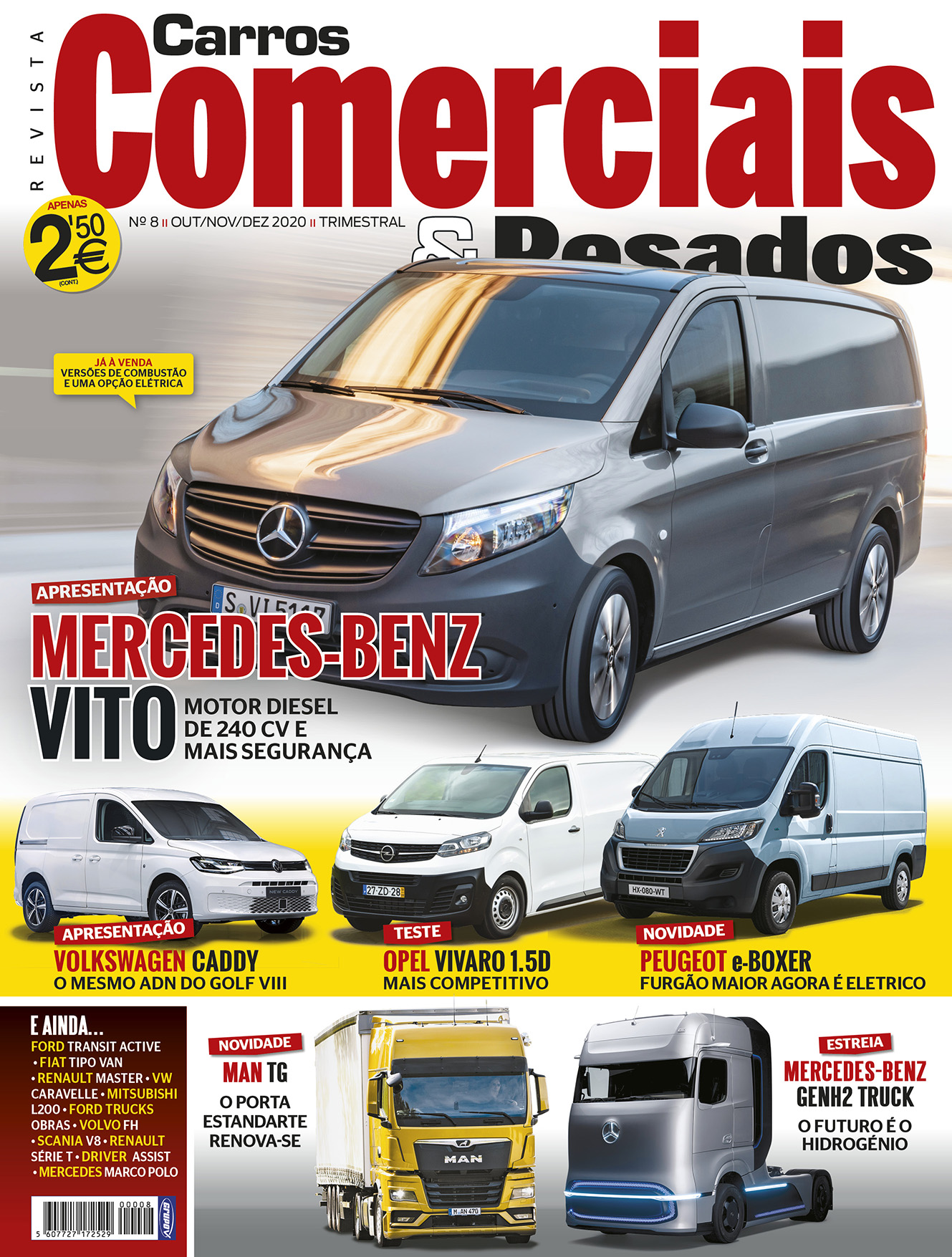 Assim, a começar pela capa, pode ficar a conhecer a renovada geração do Mercedes-Benz Vito, do Volkswagen Caddy, do Peugeot Boxer elétricos, entre outros. Temos ainda novidades da Ford e da Opel.
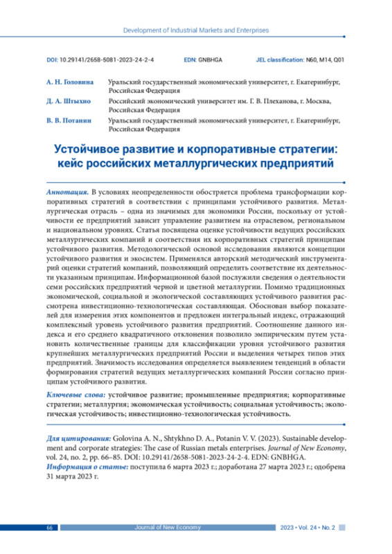 В условиях неопределенности обостряется проблема трансформации корпоративных стратегий в соответствии с принципами устойчивого развития. Металлургическая отрасль – одна из значимых для экономики России, поскольку от устойчивости ее предприятий зависит управление развитием на отраслевом, региональном и национальном уровнях. Статья посвящена оценке устойчивости ведущих российских металлургических компаний и соответствия их корпоративных стратегий принципам устойчивого развития. Методологической основой исследования являются концепции устойчивого развития и экосистем. Применялся авторский методический инструментарий оценки стратегий компаний, позволяющий определить соответствие их деятельности указанным принципам. Информационной базой послужили сведения о деятельности семи российских предприятий черной и цветной металлургии. Помимо традиционных экономической, социальной и экологической составляющих устойчивого развития рассмотрена инвестиционно-технологическая составляющая. Обоснован выбор показателей для измерения этих компонентов и предложен интегральный индекс, отражающий комплексный уровень устойчивого развития предприятий. Соотношение данного индекса и его среднего квадратичного отклонения позволило эмпирическим путем установить количественные границы для классификации уровня устойчивого развития крупнейших металлургических предприятий России и выделения четырех типов этих предприятий. Значимость исследования определяется выявлением тенденций в области формирования стратегий ведущих металлургических компаний России согласно принципам устойчивого развития
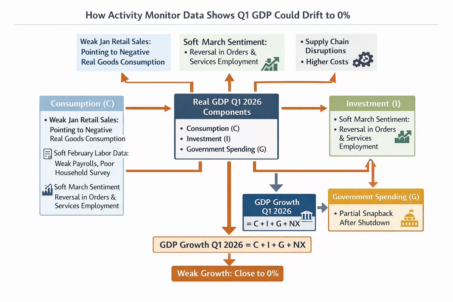 The current shock will most likely drift Q1 GDP closer to zero but likely keep it positive because of the mid-quarter momentum.
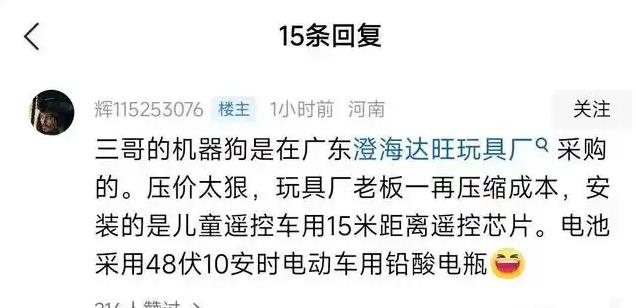 这不,就上面那个机器狗,就有广东网友爆出,是中国一个玩具厂造的,而且还玩命压价,老板没办法,只能把芯片换成遥控汽车级别的电池,换成了电瓶车同款电池——铅酸48伏10安的电池。

════════

Give an exact copy of the listing, without its pictures.

**SOLVED PROBLEM**
 Assim, a começar pela capa, pode ficar a conhecer a renovada geração do Mercedes-Benz Vito, do Volkswagen Caddy, do Peugeot Boxer elétricos, entre outros. Temos ainda novidades da Ford e da Opel.
 В условиях неопределенности обостряется проблема трансформации корпоративных стратегий в соответствии с принципами устойчивого развития. Металлургическая отрасль – одна из значимых для экономики России, поскольку от устойчивости ее предприятий зависит управление развитием на отраслевом, региональном и национальном уровнях. Статья посвящена оценке устойчивости ведущих российских металлургических компаний и соответствия их корпоративных стратегий принципам устойчивого развития. Методологической основой исследования являются концепции устойчивого развития и экосистем. Применялся авторский методический инструментарий оценки стратегий компаний, позволяющий определить соответствие их деятельности указанным принципам. Информационной базой послужили сведения о деятельности семи российских предприятий черной и цветной металлургии. Помимо традиционных экономической, социальной и экологической составляющих устойчивого развития рассмотрена инвестиционно-технологическая составляющая. Обоснован выбор показателей для измерения этих компонентов и предложен интегральный индекс, отражающий комплексный уровень устойчивого развития предприятий. Соотношение данного индекса и его среднего квадратичного отклонения позволило эмпирическим путем установить количественные границы для классификации уровня устойчивого развития крупнейших металлургических предприятий России и выделения четырех типов этих предприятий. Значимость исследования определяется выявлением тенденций в области формирования стратегий ведущих металлургических компаний России согласно принципам устойчивого развития
 The current shock will most likely drift Q1 GDP closer to zero but likely keep it positive because of the mid-quarter momentum.
 这不,就上面那个机器狗,就有广东网友爆出,是中国一个玩具厂造的,而且还玩命压价,老板没办法,只能把芯片换成遥控汽车级别的电池,换成了电瓶车同款电池——铅酸48伏10安的电池。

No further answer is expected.